Transatlantic Review
- Joseph McCrindle's Transatlantic Review ran for 60 issues between 1959 and 1977.
- Categories: literary journal
- Founder: Joseph F. McCrindle
- Founded: 1959
- Final issue: 1977
- ISSN: 0041-1078

= Transatlantic Review (1959–1977) =

International literary magazine

Transatlantic Review was a literary journal founded in 1959 by Joseph F. McCrindle, who remained its editor until he closed the magazine in 1977. Published quarterly, at first in Rome and then in London and New York, TR was known for its eclectic mix of short stories and poetry—by both young, previously unpublished writers and prominent authors such as Samuel Beckett, Iris Murdoch, Grace Paley and John Updike—as well as drawings, essays, and interviews with writers and theater and film directors.

==History==
Reviving the title of the short-lived but influential Transatlantic Review founded by Ford Madox Ford in 1924, McCrindle originally conceived of TR as a way to publish short stories that he had not been able to place as a literary agent. He was inspired in part by the semiannual journal Botteghe Oscure, which was based in Rome and published by Marguerite Caetani. Eugene Walter provided a connection between the two; after helping launch The Paris Review, he edited Caetani's magazine and then became an associate editor of Transatlantic Review, remaining on its masthead from the third issue until the last.

George Garrett was one of a group of initially credited editors, including William Goldman, and by issue 3 became the poetry editor, continuing alongside B. S. Johnson up until issue 39. Another significant contributing editor was the playwright, poet and actor Heathcote Williams.

B. S. Johnson was eventually the sole poetry editor and assembled the feature "New Transatlantic Poetry". He also proposed the annual Erotica competition, which was open to fiction, poetry and illustration. Prize-winners included Paul Ableman, Diana Athill, Gavin Ewart, Giles Gordon, D. M. Thomas, Jerry Stahl, Jay Jeff Jones, Trevor Hoyle, Patrick Hughes and Steve Barthelme.

Issue 52 (Autumn 1975), featured An Anthology of New American Poetry, compiled by Gerard Malanga. It included work by Charles Bukowski, Lawrence Ferlinghetti, Allen Ginsberg, Louis Zukofsky, George Oppen, Jonathan Williams, Gary Snyder, Michael McClure, Harold Norse and Lou Reed.

After a decade, McCrindle selected the magazine's best for his Stories from the Transatlantic Review (Holt, Rinehart and Winston, 1970; Penguin, 1974), an anthology that included Paul Bowles, Jerome Charyn, Bruce Jay Friedman, Penelope Gilliatt, William Goldman and Joyce Carol Oates.
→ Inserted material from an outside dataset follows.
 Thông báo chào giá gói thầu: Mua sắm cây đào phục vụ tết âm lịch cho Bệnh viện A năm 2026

McCrindle collected the interviews in Behind the Scenes: Theater and Film Interviews from the Transatlantic Review (Holt, Rinehart and Winston, 1971).
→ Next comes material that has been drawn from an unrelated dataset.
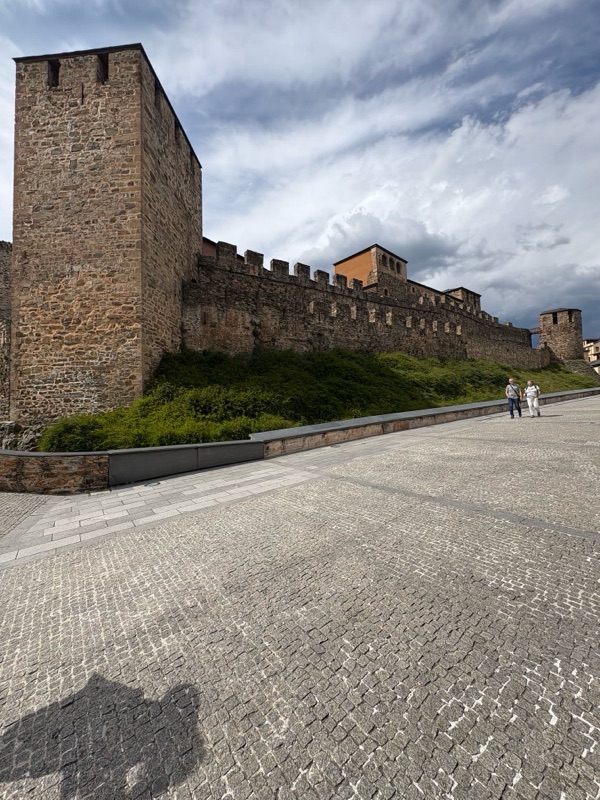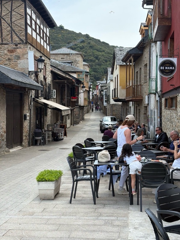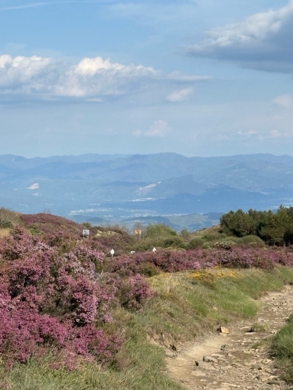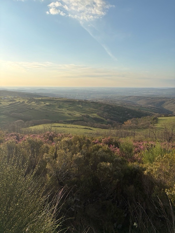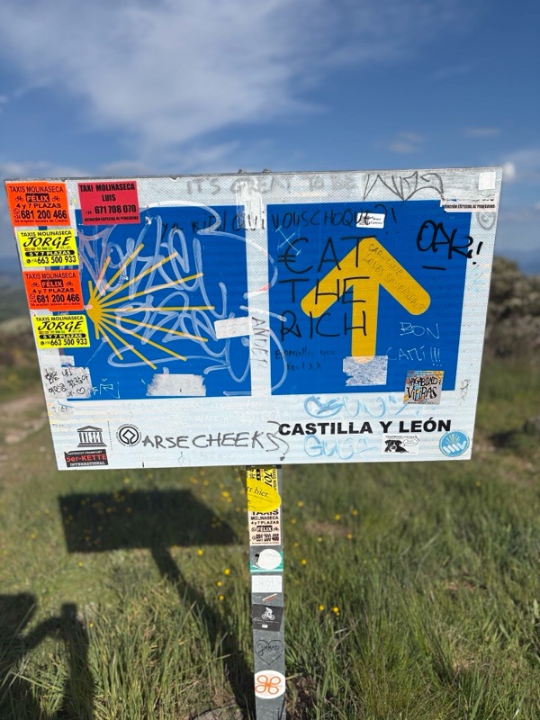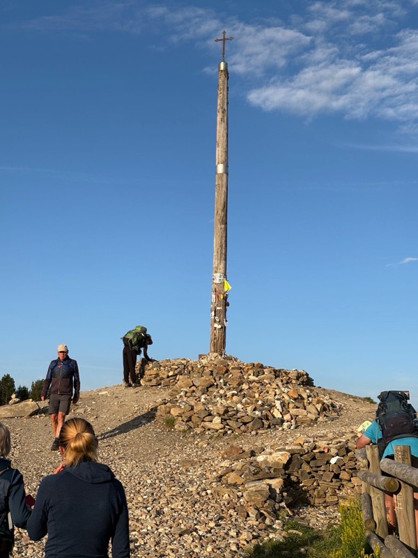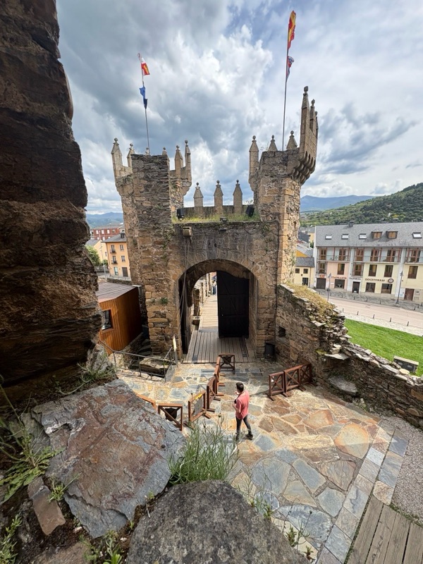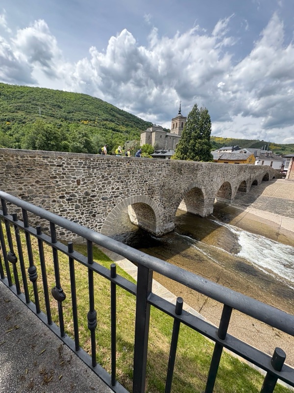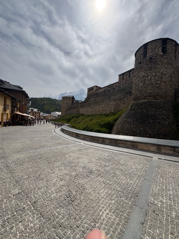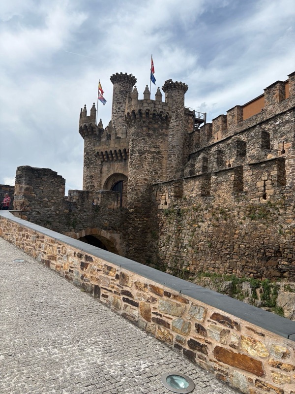 This morning I left Foncebadon about 7:30 and headed for Cruz de Ferro. It was a beautiful morning as the sun was rising and walk wasn’t too bad. Arriving at Cruz de Ferro is a holy experience. When you see all the stones that have been deposited at the foot of that cross representing the hopes and dreams, heartaches and prayers it is awe inspiring. At least while I was there, there was a quietness like you were in a Cathedral. I laid stones of my grandchildren I had carried from California, said a prayer and headed out. The day was long. All the elevation I climbed yesterday and walked down today. I think I like uphills better, but then it nice to have something to complain about while you are admiring the Camino.🙂. I met a guy from Frances and tells me it is easier walking on road instead of rock path. He is right, a few minutes later he stops a car and gets a ride. It is easier riding than walking the road or a rocky path😆. i missed a sign and took the long way around Ponferrada, but my step count is rising - over 750,000. This evening I visited a castle and the scope of it was immense. I have some picks, but the really don’t do it justice. Buen Camino

The final issue was published June 1977. An announcement appeared in the penultimate issue of the magazine saying that the title would continue as an annual review but this idea was not pursued. After he folded the magazine, McCrindle continued to support new writing talent through the Henfield Foundation (later renamed the Joseph F. McCrindle Foundation), awarding annual Henfield Prizes for the best short stories from writing programs throughout the United States. He died July 11, 2008, at his home in New York City.

==Writers==
Other well-known writers whose work appeared in Transatlantic Review include J. G. Ballard, John Banville, Anthony Burgess, William S. Burroughs, Jean Cocteau, William Faulkner, Robert Grossbach, Alan Lelchuk, Alan Sillitoe, Richard Yates, Harold Pinter and William Trevor. Also notable are Eugene Walter's 1960 interview with Gore Vidal and Giles Gordon's 1964 interview with Joe Orton, which appeared shortly before Orton was murdered. Over the years, the magazine published interviews with Edward Albee, Burgess (twice), James T. Farrell, Federico Fellini, William Gaskill, William Inge and Christopher Isherwood, Pinter and Peter Yates.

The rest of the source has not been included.